[REBOL] Re: Sort by first part of line
From: rotenca:telvia:it at: 8-Sep-2002 2:15
Hi Sunanda,
> For this and other reasons, I have some doubts about Rebol's ability to run
> 24x7 while pounding loads of data. Any really big designs out there should
> look closely at this issue.
I am not sure. For example, at least under 1.2.5.3.1, my two tests after some
oscillations do not change memory allocation (and without any recycle
command).
Your test is stable like rock in memory allocation without recycle. I did not
try other tests.
Often (i think always) continue memory increases are only the result of a bug
in user code (blocks and strings are the first to check).
To end, in my tests i did not see any variation in the timing of your test
and up to date we are not sure that memory allocation continue to grow when we
repeat all the tests.
> Thanks for your timings. I get (on my machine) a run time of about 6.5
> seconds. 25% faster than Gregg's but still some way to go to beat Scott and
> Joel. It's that parse again. You only do one compared to Gregg's 750,000 (or
> so). I guess it's not the number of invokations: it's the total data that
has
> to be parsed than counts.
I suspect (i'm sure :-) you use a not-beta Rebol release. I have similar
results under 1.2.3.1.3.
Automatic Rebol memory allocation until 1.2.3 is buggy and to limit problems,
blocks need to be preallocated with make block!.

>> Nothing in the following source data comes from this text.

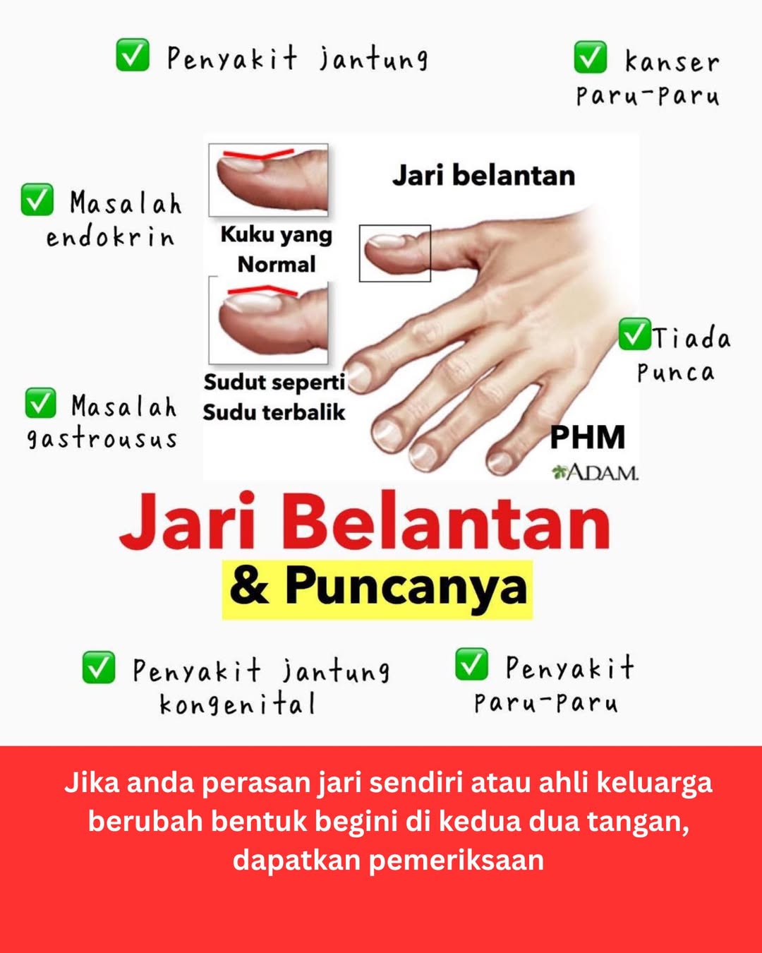 Jika anda melihat perubahan pada jari anda atau ahli keluarga di kedua-dua belah tangan, terutama jika terdapat gejala seperti batuk berkepanjangan, sesak nafas, sakit dada, penurunan berat badan, atau cepat penat, jangan diabaikan.
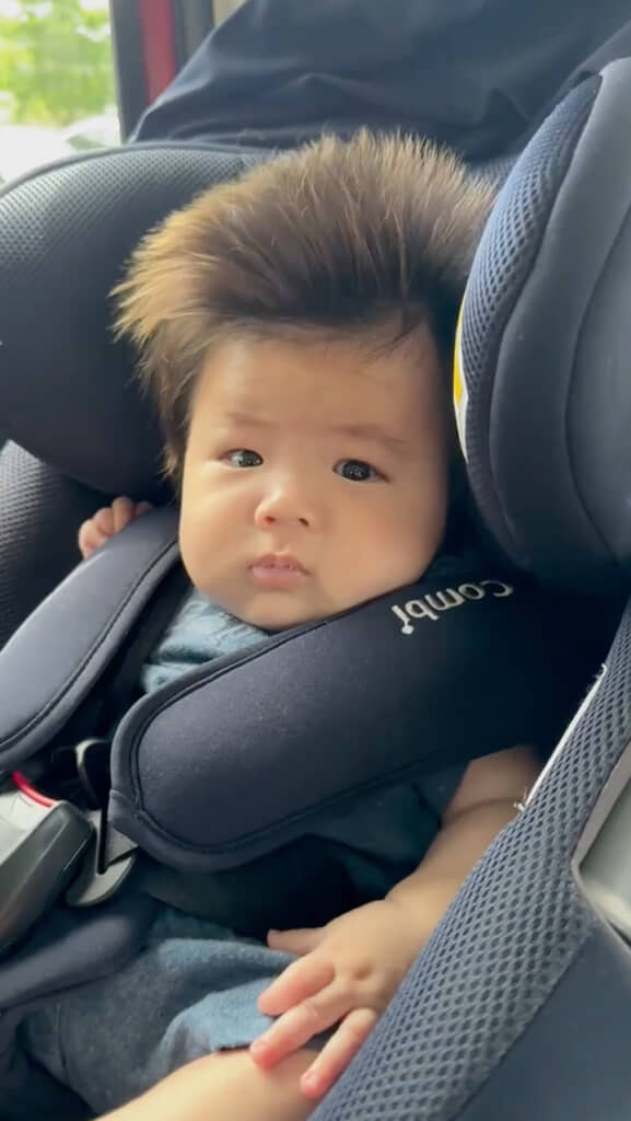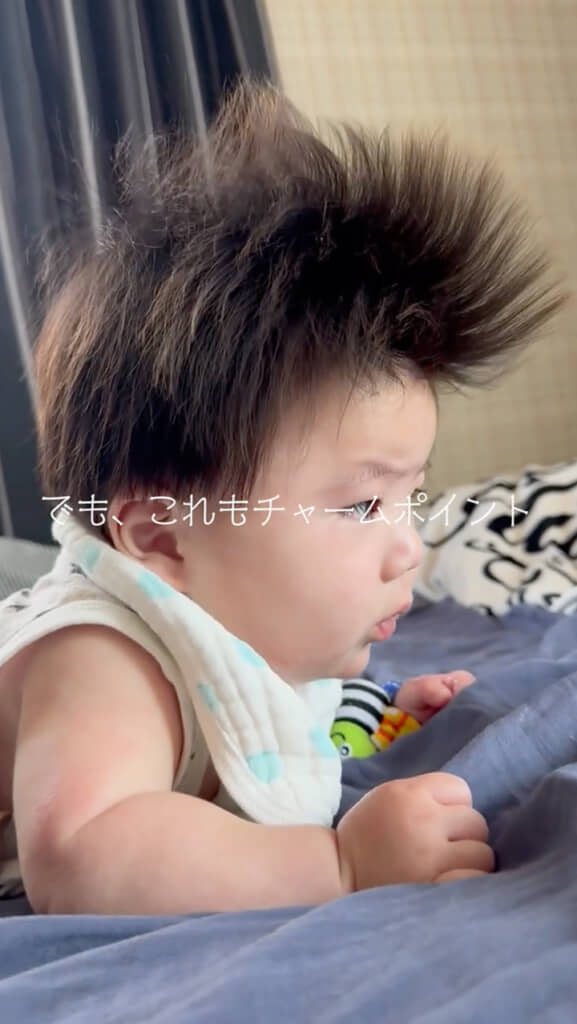 しかし成長するにつれ、だんだん毛量が増えて髪が黒く見えるように。これで一安心かと思いきや、重力に逆らって髪が伸び続け、立派なトサカヘアーが爆誕……。ただ、これはこれでとってもキュートです! ママさんも、チャームポイントだと思い乗り越えたのだとか。
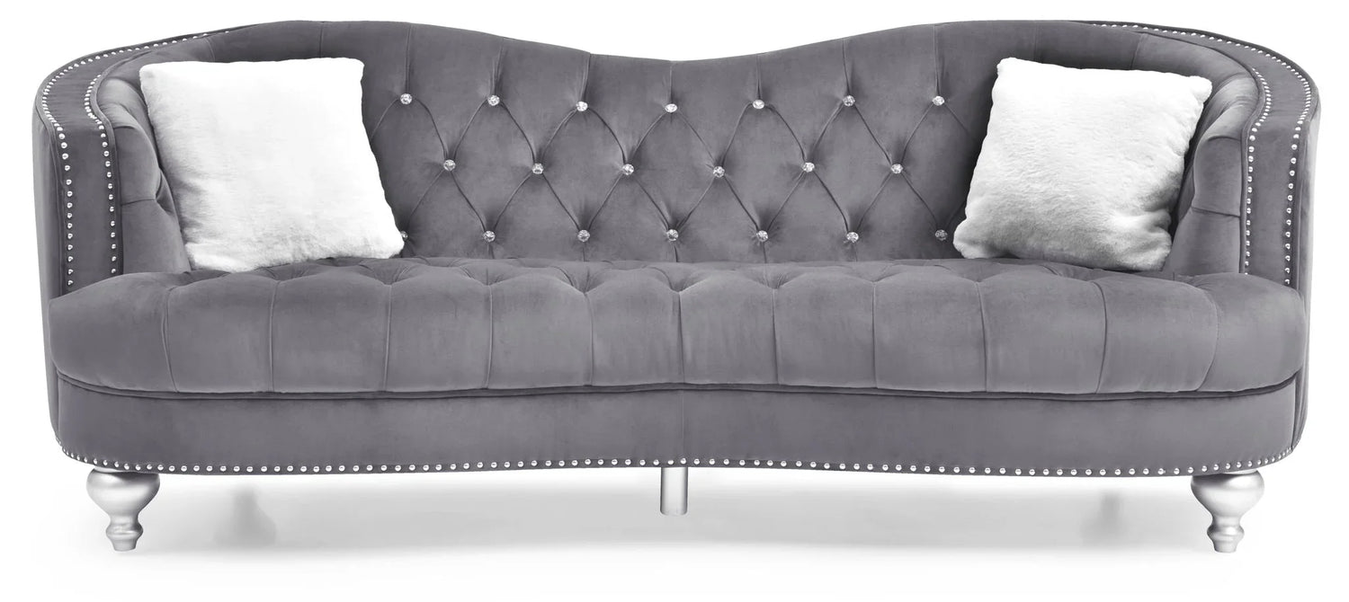 - Eye‑catching glamour: Velvet upholstery, crystal‑accent tufting and hand‑set nailhead trim make this sofa a focal point in any room.
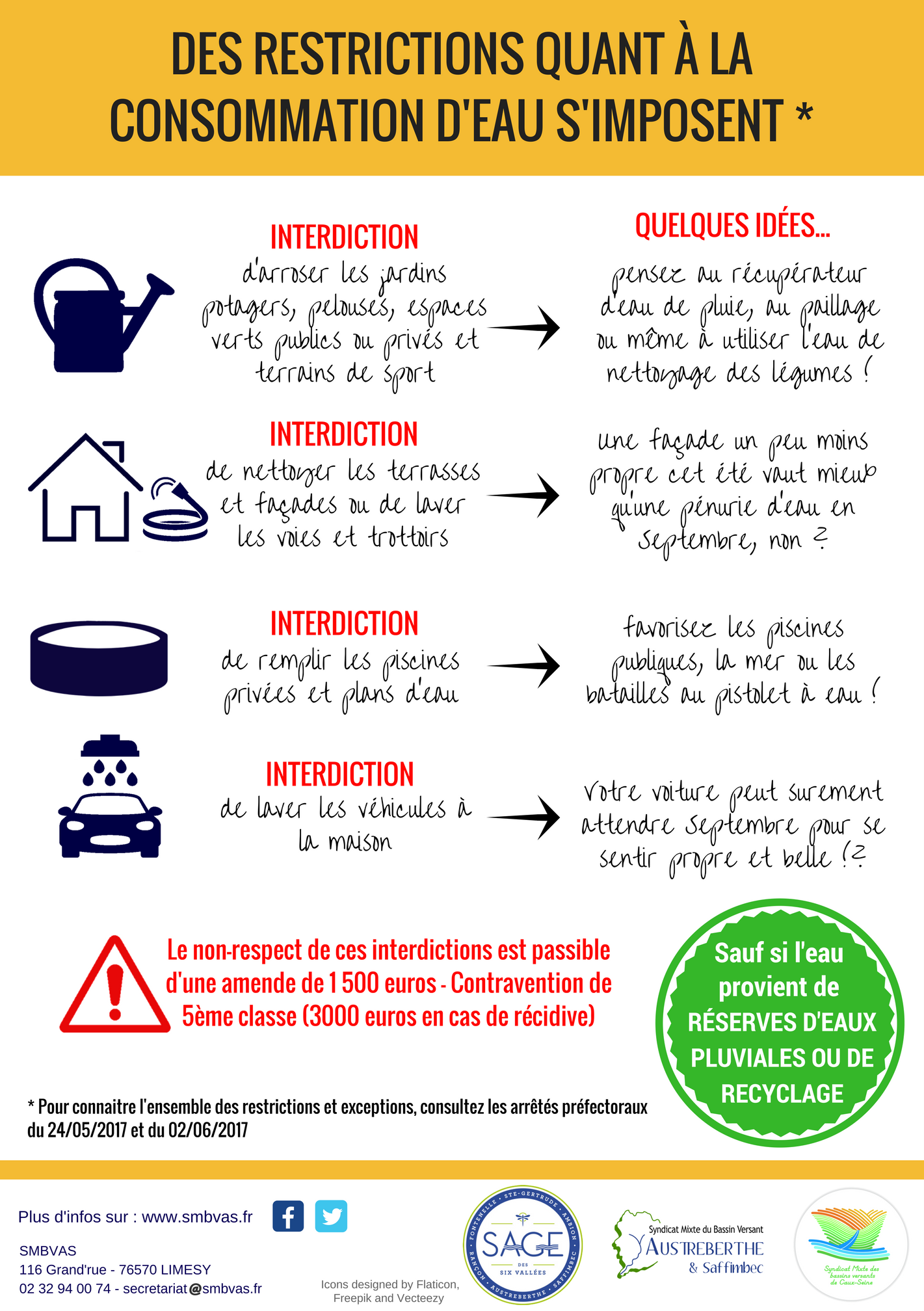 Notre commune, et plus largement notre département, connaît une situation de sécheresse rarissime. Les deux syndicats de bassins versants auxquels notre commune adhère ont récemment émis un message d’alerte conjoint. Ainsi, ils rappellent l’importance de respecter les mesures d’interdiction mises en place. Pour cela, ils ont mis au point un support de communication spécifique, que vous trouverez en images ci-dessous.
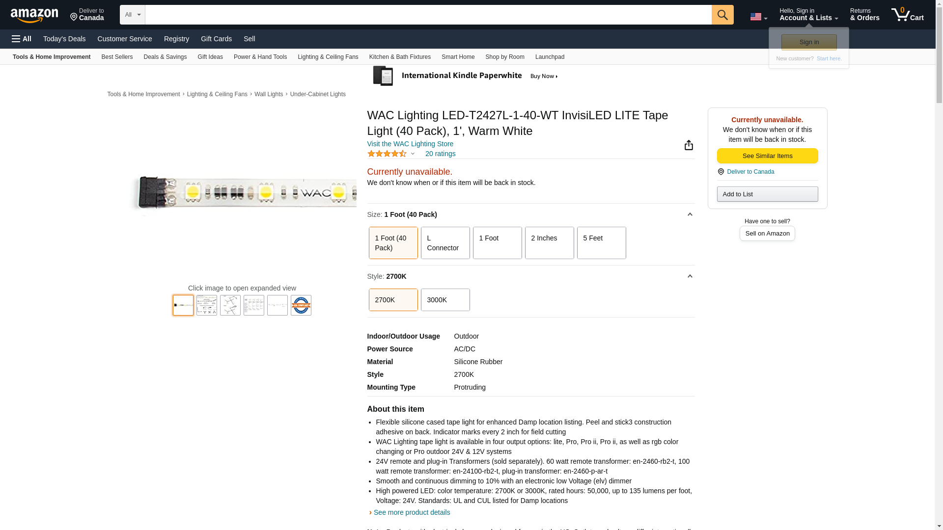 WAC Lighting LED-T2427L-1-40-WT InvisiLED LITE Tape Light (40 Pack), 1', Warm White

This is another round of test under 1.2.5.3.1 with your code also, which i
forgot last time:
1.2.5.3.1 Celeron 333 RAM 128 Mb Window 98 first edition
reading data : 0:00:00.22 memory allocated: 6465424
Sunanda : 0:00:45.92 memory allocated: 9435920
Scott : 0:00:02.8 memory allocated: 13418112
Carl : 0:00:02.09 memory allocated: 13586848
Romano : 0:00:01.37 memory allocated: 15895152
Romano-int : 0:00:01.43 memory allocated: 18477920
Joel : 0:00:01.54 memory allocated: 23200928
got same results
done
And this is a test under 1.2.3.1 with my code optimized for this version (code
follows):
1.2.1.3.1 Celeron 333 RAM 128 Mb Window 98 first edition
reading data : 0:00:00.22 memory allocated: 6071976
Sunanda : 0:00:59.1 memory allocated: 8868200
Scott : 0:00:11.26 memory allocated: 12222608
Carl : 0:00:03.84 memory allocated: 12563472
Romano : 0:00:01.37 memory allocated: 14783712
Romano-int : 0:00:01.38 memory allocated: 17348192
Joel : 0:00:03.85 memory allocated: 18710144
got same results
done
Here i'm more fast than Joel. But also Joel code can be optimized.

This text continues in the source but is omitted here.